→ EXERCISE DIRECTIONS: Repeat nothing but the line that contains "Ein ideales Apartment" and the lines after it, through the end of the listing, exactly as they stand; omit pictures.

→ EXCERPTED RECORDS:
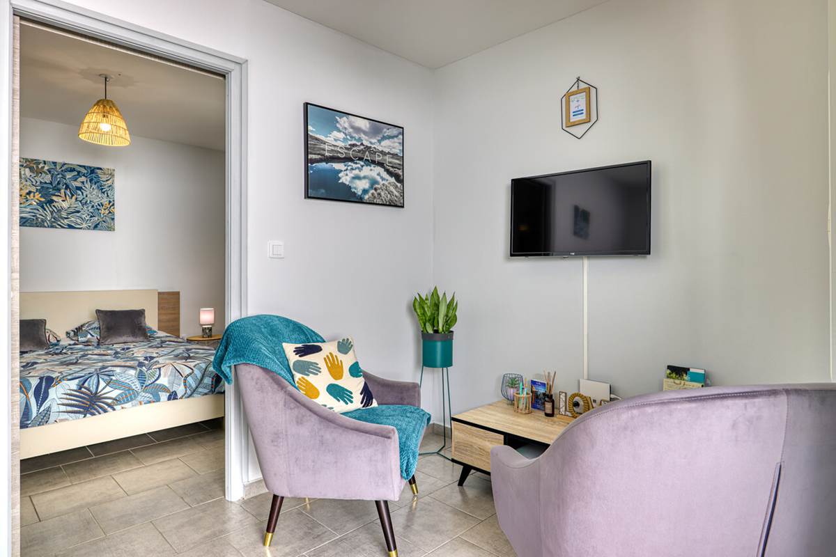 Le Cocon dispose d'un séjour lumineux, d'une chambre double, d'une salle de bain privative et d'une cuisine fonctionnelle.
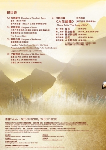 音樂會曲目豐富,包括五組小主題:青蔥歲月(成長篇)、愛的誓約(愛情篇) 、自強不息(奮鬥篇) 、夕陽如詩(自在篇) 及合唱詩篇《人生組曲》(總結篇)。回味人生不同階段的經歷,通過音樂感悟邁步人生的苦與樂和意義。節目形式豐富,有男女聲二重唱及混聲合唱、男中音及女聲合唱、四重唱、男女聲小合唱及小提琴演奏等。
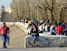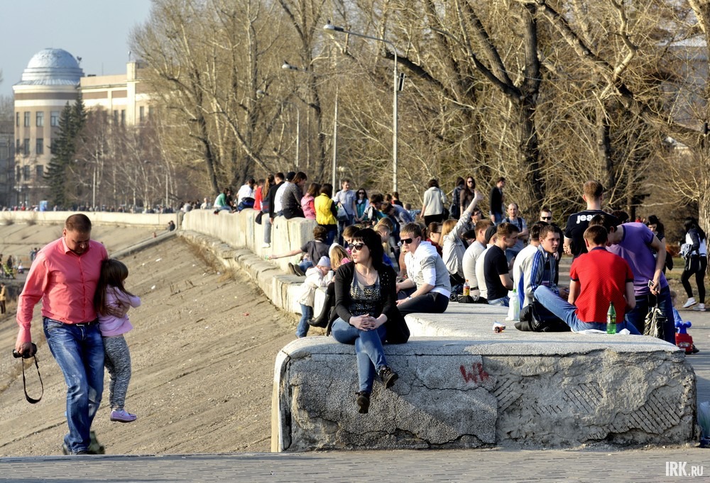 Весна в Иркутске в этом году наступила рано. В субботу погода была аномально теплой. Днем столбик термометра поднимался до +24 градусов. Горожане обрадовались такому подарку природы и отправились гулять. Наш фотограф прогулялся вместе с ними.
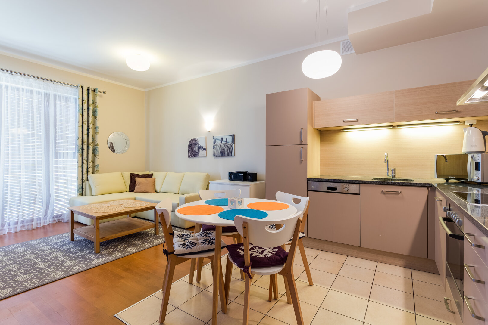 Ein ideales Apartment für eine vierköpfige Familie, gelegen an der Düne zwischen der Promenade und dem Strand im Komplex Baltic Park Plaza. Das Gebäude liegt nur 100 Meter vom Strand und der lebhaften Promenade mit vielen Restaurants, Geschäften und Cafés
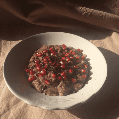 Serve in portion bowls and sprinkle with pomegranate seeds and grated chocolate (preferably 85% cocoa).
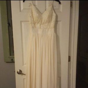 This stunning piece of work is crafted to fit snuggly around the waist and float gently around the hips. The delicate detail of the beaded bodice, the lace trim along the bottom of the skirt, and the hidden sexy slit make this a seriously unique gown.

→ WRITTEN SOLUTION:
 Ein ideales Apartment für eine vierköpfige Familie, gelegen an der Düne zwischen der Promenade und dem Strand im Komplex Baltic Park Plaza. Das Gebäude liegt nur 100 Meter vom Strand und der lebhaften Promenade mit vielen Restaurants, Geschäften und Cafés
 Serve in portion bowls and sprinkle with pomegranate seeds and grated chocolate (preferably 85% cocoa).
 This stunning piece of work is crafted to fit snuggly around the waist and float gently around the hips. The delicate detail of the beaded bodice, the lace trim along the bottom of the skirt, and the hidden sexy slit make this a seriously unique gown.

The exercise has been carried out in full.